TASK DIRECTIONS:
Output the data below only from the line containing "kiparskom (pretežito klasicističkom)" up to and including the line containing "O termo Mevushal", exact and with the pictures left out.

________

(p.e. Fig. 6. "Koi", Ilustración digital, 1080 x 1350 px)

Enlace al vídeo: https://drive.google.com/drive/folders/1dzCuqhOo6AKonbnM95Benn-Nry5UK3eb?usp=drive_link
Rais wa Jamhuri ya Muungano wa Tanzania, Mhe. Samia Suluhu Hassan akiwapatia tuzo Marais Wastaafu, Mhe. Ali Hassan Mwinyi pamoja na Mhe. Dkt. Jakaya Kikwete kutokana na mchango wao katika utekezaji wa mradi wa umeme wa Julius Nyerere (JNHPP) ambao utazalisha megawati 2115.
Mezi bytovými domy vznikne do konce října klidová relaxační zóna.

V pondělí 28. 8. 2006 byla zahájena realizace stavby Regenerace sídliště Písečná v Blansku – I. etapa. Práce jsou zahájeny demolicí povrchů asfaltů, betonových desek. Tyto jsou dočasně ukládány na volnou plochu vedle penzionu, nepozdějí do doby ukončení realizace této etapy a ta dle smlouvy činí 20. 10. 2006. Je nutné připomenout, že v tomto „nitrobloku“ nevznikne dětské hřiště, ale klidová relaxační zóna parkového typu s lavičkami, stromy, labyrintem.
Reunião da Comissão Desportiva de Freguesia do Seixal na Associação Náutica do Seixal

________

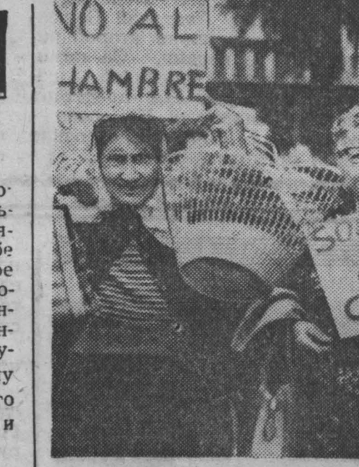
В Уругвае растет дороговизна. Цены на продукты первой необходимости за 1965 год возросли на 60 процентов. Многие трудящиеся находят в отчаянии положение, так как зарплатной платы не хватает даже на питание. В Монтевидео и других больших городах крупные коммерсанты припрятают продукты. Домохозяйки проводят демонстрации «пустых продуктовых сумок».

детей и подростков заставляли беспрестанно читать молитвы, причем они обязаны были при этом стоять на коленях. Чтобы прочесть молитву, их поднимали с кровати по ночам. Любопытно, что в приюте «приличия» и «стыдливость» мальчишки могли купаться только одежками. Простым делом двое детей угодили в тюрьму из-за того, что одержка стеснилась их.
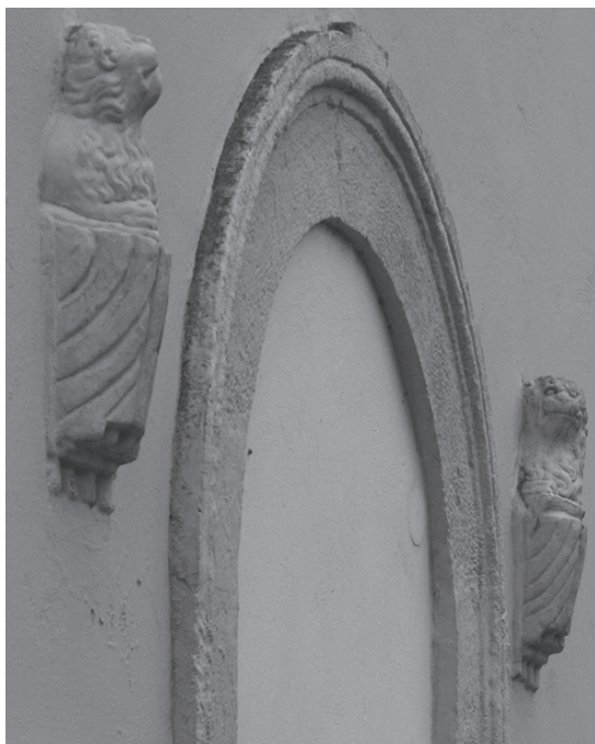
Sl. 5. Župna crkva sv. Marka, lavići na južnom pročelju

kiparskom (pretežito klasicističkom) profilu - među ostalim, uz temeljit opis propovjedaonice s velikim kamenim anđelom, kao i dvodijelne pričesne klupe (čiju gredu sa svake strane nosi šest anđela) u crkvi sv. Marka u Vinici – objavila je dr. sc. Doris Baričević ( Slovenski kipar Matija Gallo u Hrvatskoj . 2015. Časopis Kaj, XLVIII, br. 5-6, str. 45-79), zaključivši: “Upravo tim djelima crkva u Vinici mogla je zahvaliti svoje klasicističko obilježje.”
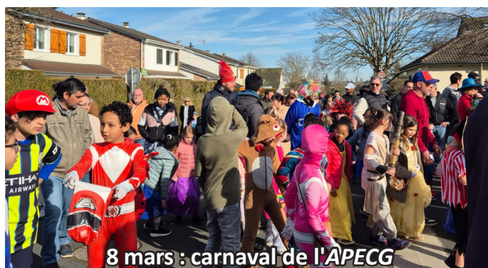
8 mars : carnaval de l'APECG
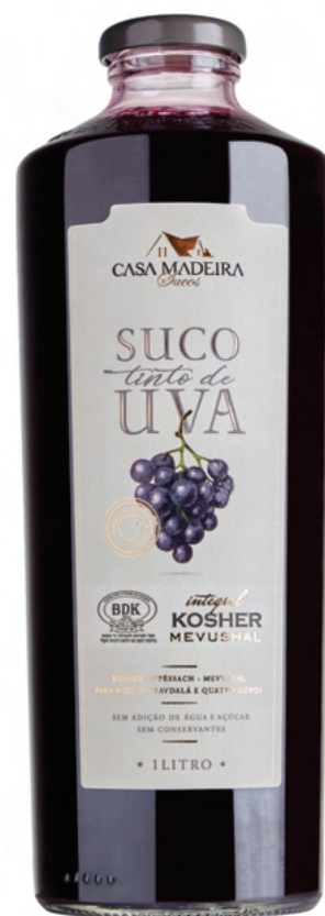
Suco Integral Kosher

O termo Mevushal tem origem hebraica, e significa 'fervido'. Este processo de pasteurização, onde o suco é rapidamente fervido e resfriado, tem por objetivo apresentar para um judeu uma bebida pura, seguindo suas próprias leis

________

TASK RESPONSE:
kiparskom (pretežito klasicističkom) profilu - među ostalim, uz temeljit opis propovjedaonice s velikim kamenim anđelom, kao i dvodijelne pričesne klupe (čiju gredu sa svake strane nosi šest anđela) u crkvi sv. Marka u Vinici – objavila je dr. sc. Doris Baričević ( Slovenski kipar Matija Gallo u Hrvatskoj . 2015. Časopis Kaj, XLVIII, br. 5-6, str. 45-79), zaključivši: “Upravo tim djelima crkva u Vinici mogla je zahvaliti svoje klasicističko obilježje.”
8 mars : carnaval de l'APECG
Suco Integral Kosher

O termo Mevushal tem origem hebraica, e significa 'fervido'. Este processo de pasteurização, onde o suco é rapidamente fervido e resfriado, tem por objetivo apresentar para um judeu uma bebida pura, seguindo suas próprias leis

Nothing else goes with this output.